◆ DATASET EXCERPTS
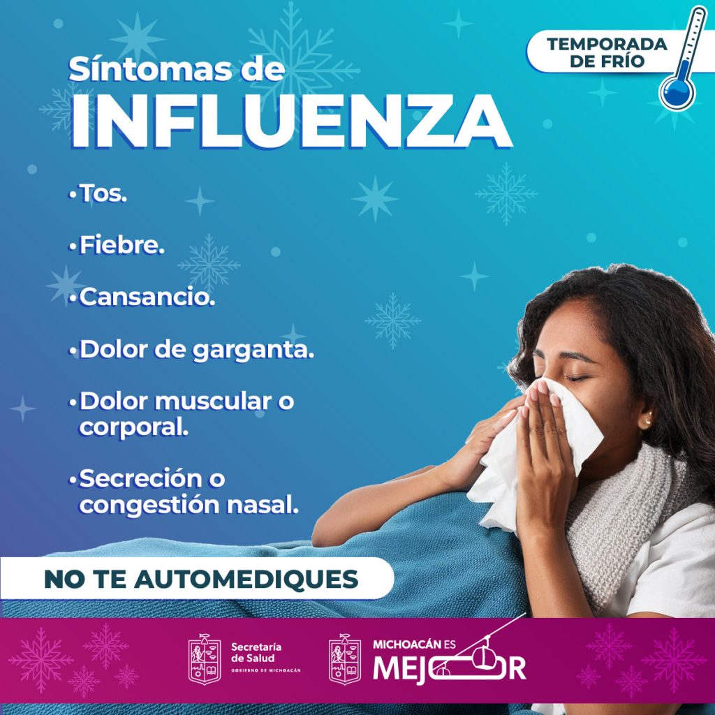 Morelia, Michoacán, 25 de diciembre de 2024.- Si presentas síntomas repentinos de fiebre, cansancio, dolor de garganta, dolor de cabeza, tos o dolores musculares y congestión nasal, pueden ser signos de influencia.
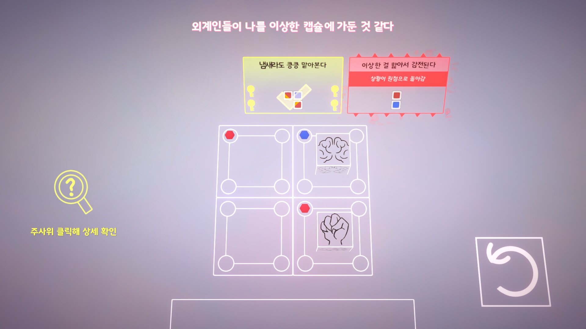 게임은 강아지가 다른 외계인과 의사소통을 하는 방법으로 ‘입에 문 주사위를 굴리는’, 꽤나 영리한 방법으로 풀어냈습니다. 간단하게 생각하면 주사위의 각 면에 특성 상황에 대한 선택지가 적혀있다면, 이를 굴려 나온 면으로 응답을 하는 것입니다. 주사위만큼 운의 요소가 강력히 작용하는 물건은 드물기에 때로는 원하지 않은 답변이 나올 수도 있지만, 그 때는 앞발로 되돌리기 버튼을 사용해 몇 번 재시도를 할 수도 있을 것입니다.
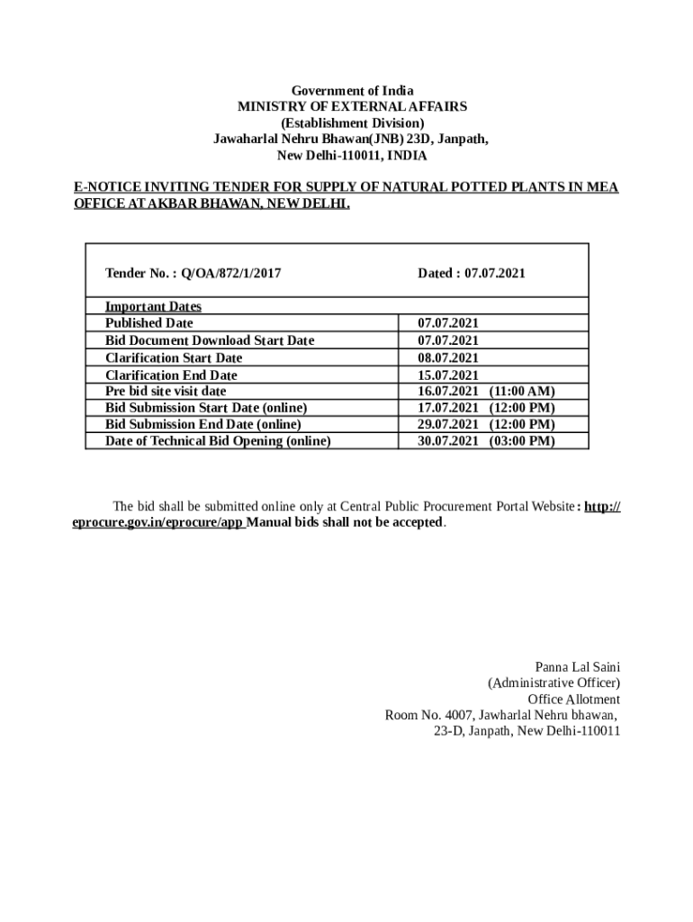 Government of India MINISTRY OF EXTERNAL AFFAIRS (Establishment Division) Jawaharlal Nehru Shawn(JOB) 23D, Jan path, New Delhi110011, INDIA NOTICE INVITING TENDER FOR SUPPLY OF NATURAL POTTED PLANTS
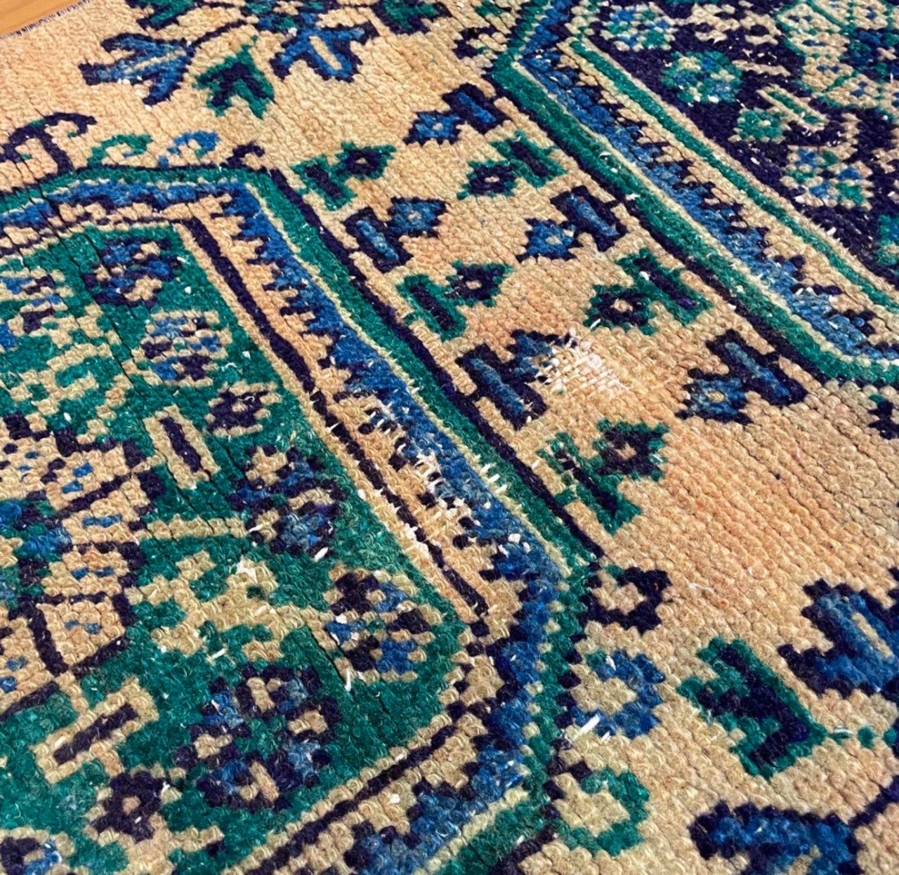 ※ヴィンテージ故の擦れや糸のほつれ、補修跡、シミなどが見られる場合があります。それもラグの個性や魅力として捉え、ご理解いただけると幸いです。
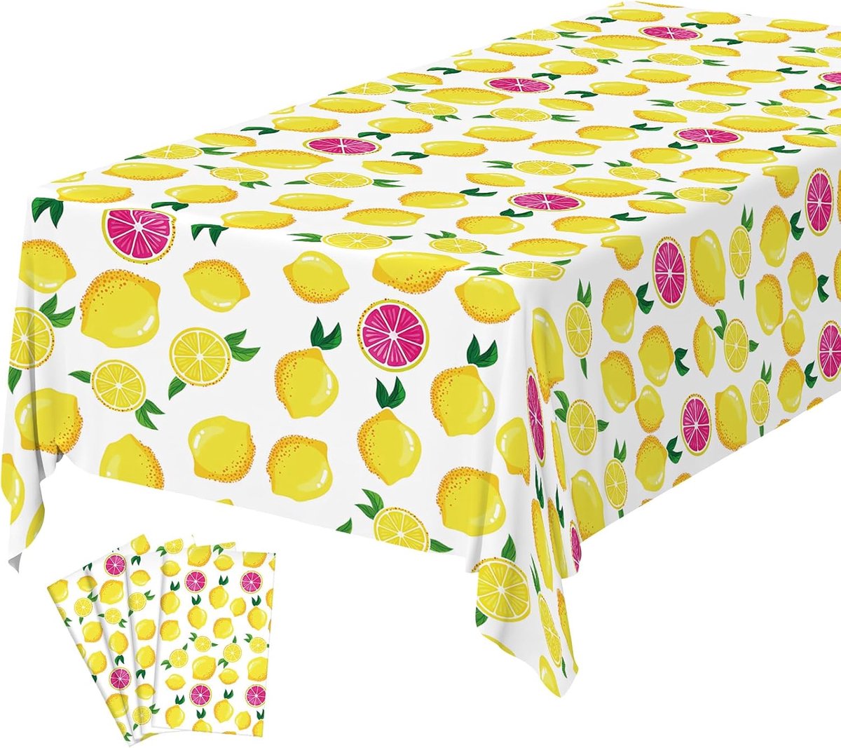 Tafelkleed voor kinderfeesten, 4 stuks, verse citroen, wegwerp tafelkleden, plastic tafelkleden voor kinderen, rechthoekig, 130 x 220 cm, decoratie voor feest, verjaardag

---

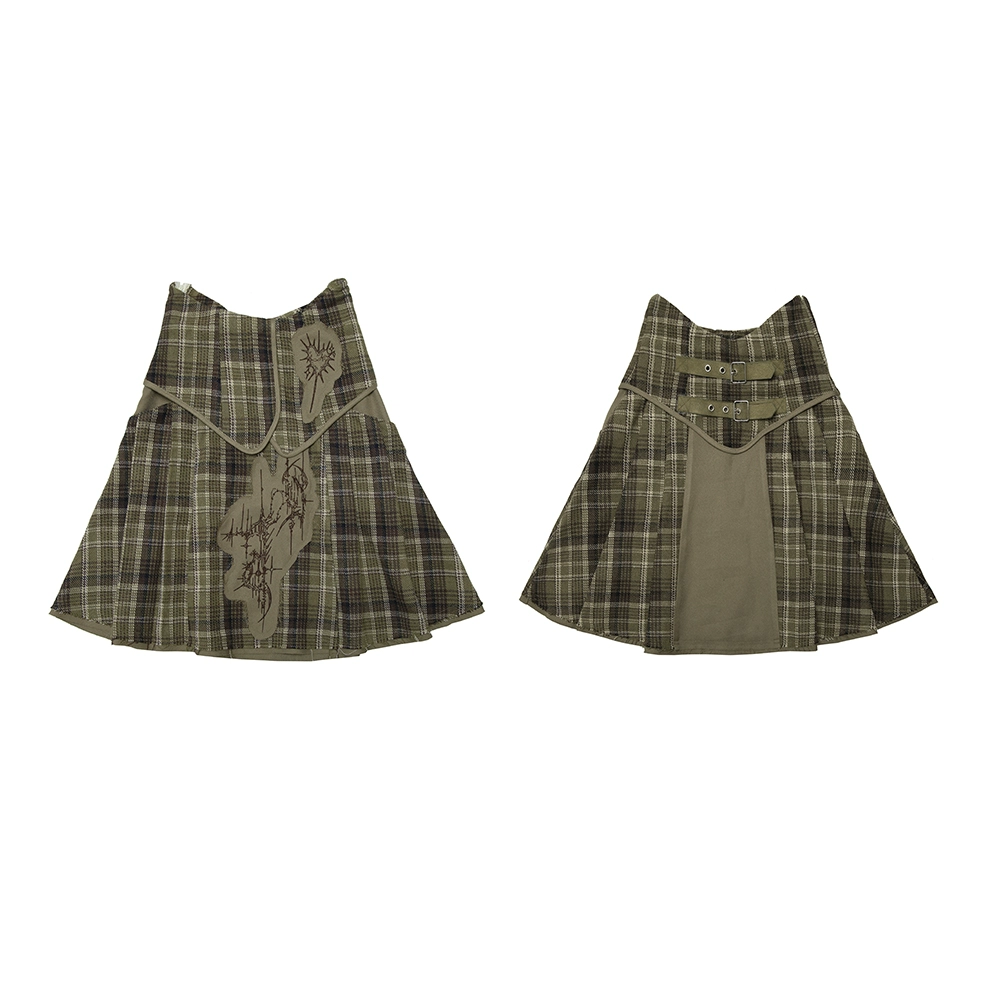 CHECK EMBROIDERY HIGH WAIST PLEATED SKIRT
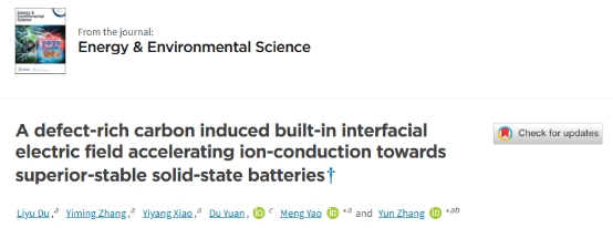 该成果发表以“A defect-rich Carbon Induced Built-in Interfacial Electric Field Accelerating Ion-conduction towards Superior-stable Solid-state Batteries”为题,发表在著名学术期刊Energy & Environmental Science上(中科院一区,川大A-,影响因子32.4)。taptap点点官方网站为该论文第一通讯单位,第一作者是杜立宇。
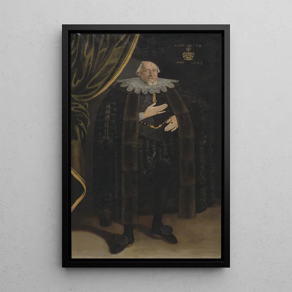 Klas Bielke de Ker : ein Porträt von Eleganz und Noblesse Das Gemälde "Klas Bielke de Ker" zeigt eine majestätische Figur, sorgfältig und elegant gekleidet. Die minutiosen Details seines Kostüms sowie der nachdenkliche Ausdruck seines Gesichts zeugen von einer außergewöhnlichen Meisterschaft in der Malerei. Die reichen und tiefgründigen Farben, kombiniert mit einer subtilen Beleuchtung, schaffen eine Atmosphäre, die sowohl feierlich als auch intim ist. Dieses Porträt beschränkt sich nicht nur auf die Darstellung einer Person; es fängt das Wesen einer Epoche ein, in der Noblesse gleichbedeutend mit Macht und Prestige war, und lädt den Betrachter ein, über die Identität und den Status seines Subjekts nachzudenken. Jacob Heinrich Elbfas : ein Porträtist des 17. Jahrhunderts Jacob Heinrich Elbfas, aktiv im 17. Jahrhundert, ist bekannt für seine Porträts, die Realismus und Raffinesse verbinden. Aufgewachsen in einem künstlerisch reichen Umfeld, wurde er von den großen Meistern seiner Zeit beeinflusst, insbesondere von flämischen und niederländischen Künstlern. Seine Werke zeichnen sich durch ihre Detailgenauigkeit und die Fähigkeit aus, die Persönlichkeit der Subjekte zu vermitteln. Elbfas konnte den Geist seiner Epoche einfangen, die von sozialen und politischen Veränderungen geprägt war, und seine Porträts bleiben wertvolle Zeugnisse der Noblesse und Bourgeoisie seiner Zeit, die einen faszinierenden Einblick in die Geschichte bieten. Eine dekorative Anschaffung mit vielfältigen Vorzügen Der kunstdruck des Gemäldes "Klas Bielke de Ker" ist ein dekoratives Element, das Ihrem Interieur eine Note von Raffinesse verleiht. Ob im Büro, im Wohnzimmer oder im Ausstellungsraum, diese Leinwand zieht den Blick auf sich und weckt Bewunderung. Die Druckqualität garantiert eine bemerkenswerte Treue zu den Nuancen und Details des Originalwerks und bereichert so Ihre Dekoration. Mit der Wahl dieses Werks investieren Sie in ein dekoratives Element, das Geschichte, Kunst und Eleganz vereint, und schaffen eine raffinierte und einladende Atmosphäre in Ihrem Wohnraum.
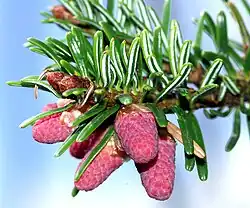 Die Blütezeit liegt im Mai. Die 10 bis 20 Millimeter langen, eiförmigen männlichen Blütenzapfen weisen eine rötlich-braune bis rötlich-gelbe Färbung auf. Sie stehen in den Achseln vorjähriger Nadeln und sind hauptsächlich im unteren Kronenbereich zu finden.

* * *

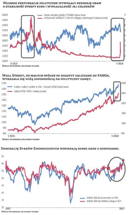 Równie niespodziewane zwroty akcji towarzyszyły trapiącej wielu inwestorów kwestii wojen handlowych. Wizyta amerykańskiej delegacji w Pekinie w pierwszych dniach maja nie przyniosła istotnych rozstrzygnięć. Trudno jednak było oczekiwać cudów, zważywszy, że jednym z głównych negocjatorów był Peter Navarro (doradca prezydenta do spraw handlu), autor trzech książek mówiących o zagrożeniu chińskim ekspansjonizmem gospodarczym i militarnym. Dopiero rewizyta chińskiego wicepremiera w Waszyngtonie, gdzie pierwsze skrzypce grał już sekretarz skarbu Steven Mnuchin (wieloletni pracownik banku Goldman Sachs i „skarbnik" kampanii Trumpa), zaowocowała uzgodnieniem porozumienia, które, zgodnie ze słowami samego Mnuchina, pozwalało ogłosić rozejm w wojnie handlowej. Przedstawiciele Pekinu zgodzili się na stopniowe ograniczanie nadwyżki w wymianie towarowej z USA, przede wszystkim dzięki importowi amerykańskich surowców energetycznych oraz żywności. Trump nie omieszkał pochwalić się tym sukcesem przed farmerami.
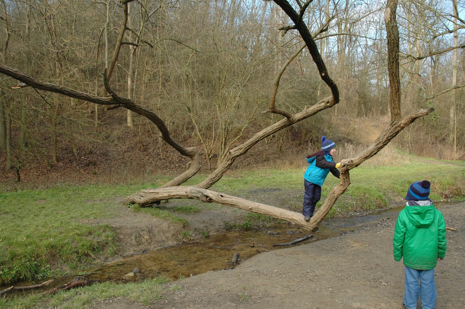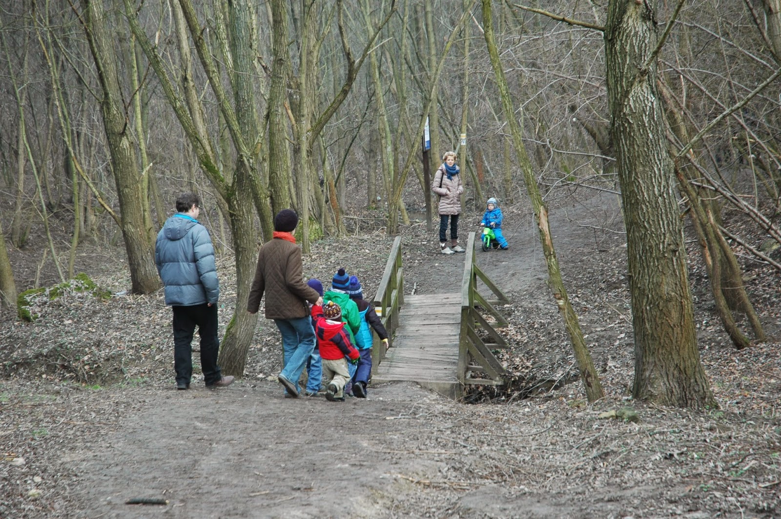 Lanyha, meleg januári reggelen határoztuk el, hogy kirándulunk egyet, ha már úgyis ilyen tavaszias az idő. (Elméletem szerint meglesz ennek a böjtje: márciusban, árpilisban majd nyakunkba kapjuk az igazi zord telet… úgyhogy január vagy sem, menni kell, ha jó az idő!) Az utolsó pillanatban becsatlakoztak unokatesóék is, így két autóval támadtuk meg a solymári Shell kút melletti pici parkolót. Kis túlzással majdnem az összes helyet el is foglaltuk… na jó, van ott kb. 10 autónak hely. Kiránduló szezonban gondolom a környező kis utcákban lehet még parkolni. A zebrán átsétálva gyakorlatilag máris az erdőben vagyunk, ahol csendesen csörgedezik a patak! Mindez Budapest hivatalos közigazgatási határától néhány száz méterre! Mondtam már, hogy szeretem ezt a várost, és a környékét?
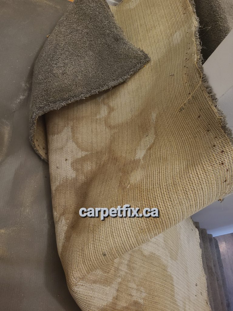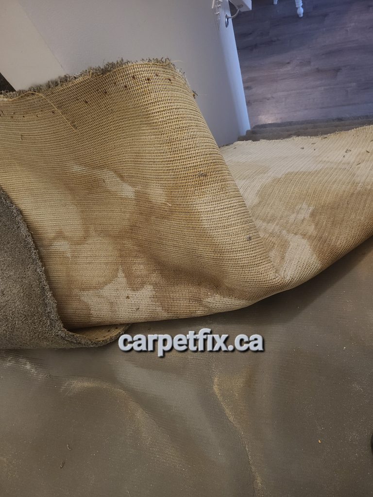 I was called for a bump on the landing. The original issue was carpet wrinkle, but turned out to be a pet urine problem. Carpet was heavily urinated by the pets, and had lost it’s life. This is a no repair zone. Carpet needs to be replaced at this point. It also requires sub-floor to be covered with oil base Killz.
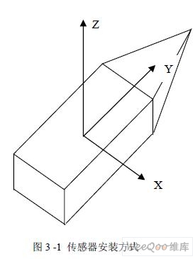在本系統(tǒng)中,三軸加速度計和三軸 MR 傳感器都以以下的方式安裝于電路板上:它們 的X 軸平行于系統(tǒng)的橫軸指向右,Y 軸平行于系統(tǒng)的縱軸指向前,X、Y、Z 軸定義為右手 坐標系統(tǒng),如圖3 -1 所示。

◆ EXERCISE REQUIREMENTS
Copy back exactly the lines above from the one containing "게임은 강아지가 다른" through the one containing "Tafelkleed voor kinderfeesten, 4", and leave every picture behind.

◆ OUTPUT FOR THIS TASK
 게임은 강아지가 다른 외계인과 의사소통을 하는 방법으로 ‘입에 문 주사위를 굴리는’, 꽤나 영리한 방법으로 풀어냈습니다. 간단하게 생각하면 주사위의 각 면에 특성 상황에 대한 선택지가 적혀있다면, 이를 굴려 나온 면으로 응답을 하는 것입니다. 주사위만큼 운의 요소가 강력히 작용하는 물건은 드물기에 때로는 원하지 않은 답변이 나올 수도 있지만, 그 때는 앞발로 되돌리기 버튼을 사용해 몇 번 재시도를 할 수도 있을 것입니다.
 Government of India MINISTRY OF EXTERNAL AFFAIRS (Establishment Division) Jawaharlal Nehru Shawn(JOB) 23D, Jan path, New Delhi110011, INDIA NOTICE INVITING TENDER FOR SUPPLY OF NATURAL POTTED PLANTS
 ※ヴィンテージ故の擦れや糸のほつれ、補修跡、シミなどが見られる場合があります。それもラグの個性や魅力として捉え、ご理解いただけると幸いです。
 Tafelkleed voor kinderfeesten, 4 stuks, verse citroen, wegwerp tafelkleden, plastic tafelkleden voor kinderen, rechthoekig, 130 x 220 cm, decoratie voor feest, verjaardag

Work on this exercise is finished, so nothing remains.